Женщины завыли, засуетились, кто-то метнулся за свечой. А Тур сидел и глядел, как на железо. Степан вошёл, кивнул раз. Сказал негромко, будто итог подытожил:
– Отмучился.
И никто не спорил. Знали только: от такой раны, где мёртвое мясо и грязь, часто бывает эта злая теснота тела, что сводит дугой, а умирают чаще всего от того, что горло и грудь хватает, и дыхания не остаётся. И чем раньше её ведёт после раны, тем яростнее бьёт и скорее косит.
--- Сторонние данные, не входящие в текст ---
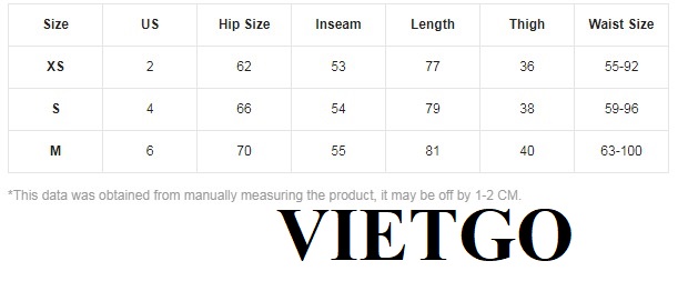Bảng kích thước cho quần
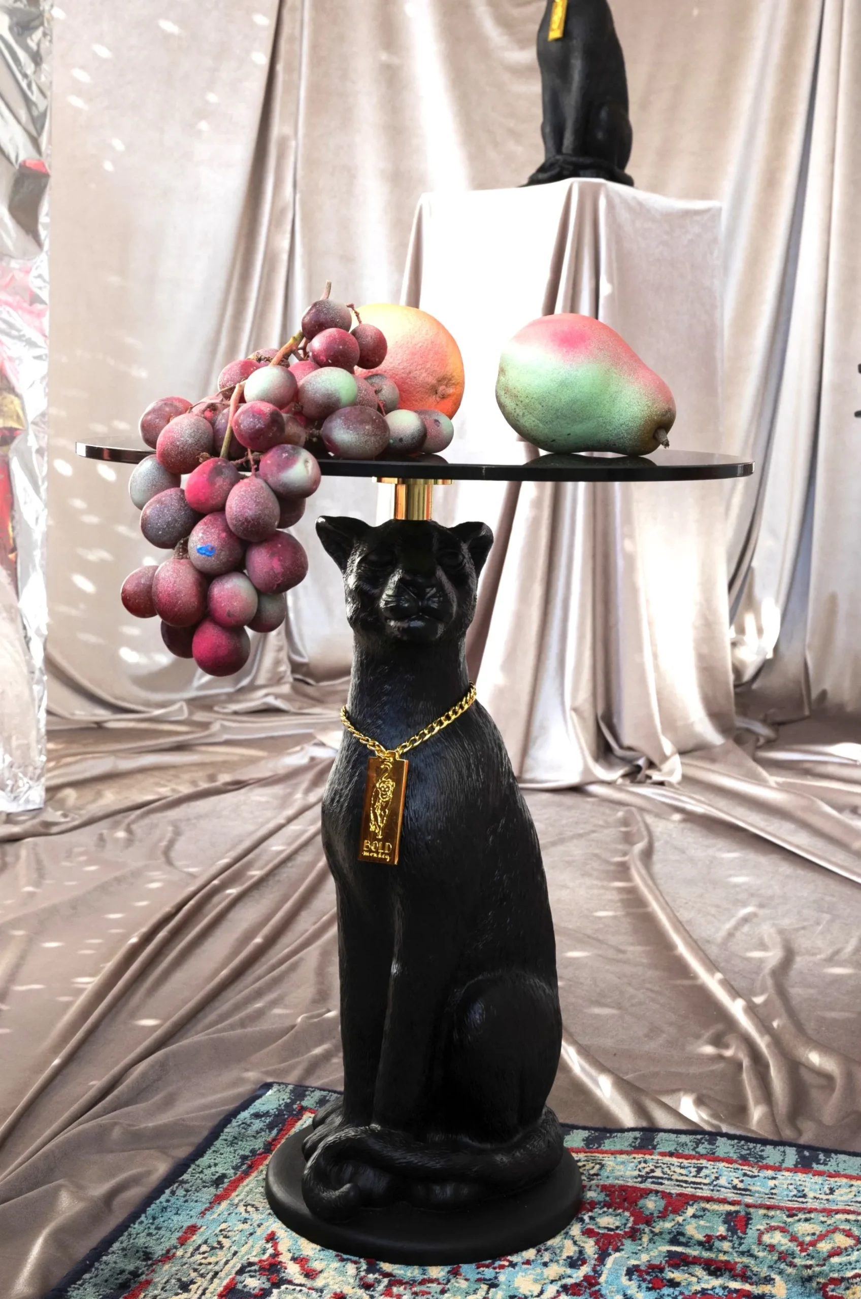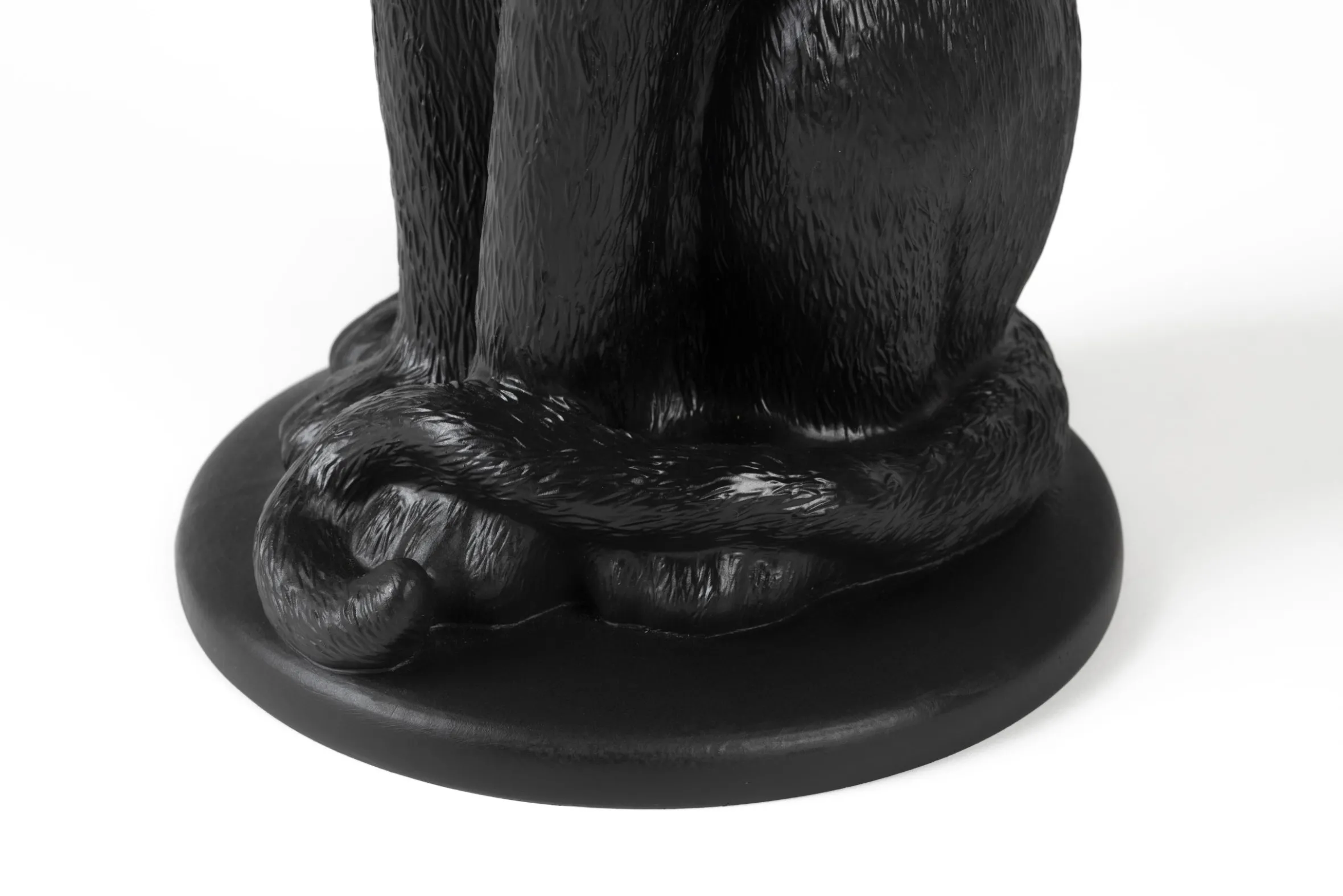 Die Panther sind auf dem Vormarsch, und dieses gewagte Stück bietet Ihnen eine weitere Möglichkeit, auf den Zug der Katzenfans aufzuspringen. Mit einer goldenen Kette versehen, vereinen sich schwarz lackiertes Harz und goldfarbene Galvanisierung in perfekter Harmonie – ganz gleich, welchen Stil Sie bevorzugen. Der Proudly Crowned Panther Beistelltisch verleiht einem bereits eklektisch eingerichteten Raum einen Hauch von Spaß oder wird zu einem einzigartigen Blickpunkt in einer ansonsten minimalistisch eingerichteten Wohnung. Dieser glamouröse Couchtisch ist ein kultiges Sammlerstück für jeden Designliebhaber und der Inbegriff des Bold Monkey Stils: extravagantes Design zu einem erschwinglichen Preis.

Похоронили Игната быстро, даже с облегчением: тяжело уж больно он уходил, и каждый в деревне за эти дни вымотался его стонами, судорогами и тем страшным оскалом, в котором не осталось человека. Когда заколотили крышку, все вздохнули, перекрестились – и больше думать не хотели. Земля промёрзла до камня, долбили её ломами, кувалдами, руки деревенские ледели, у многих кожа с ладоней сошла – но в конце-то концов всё сделали, завалили яму, прикрыли еловыми ветками. Ночь спустилась тяжёлым снежным саваном, и будто всё успокоилось.
Но утром…
Кто первым увидел – не помнили. Говорили: то ли бабы, то ли мальчишки забежали наперегонки. Но все помнили крик, тонкий, рвущий, и потом – толпа.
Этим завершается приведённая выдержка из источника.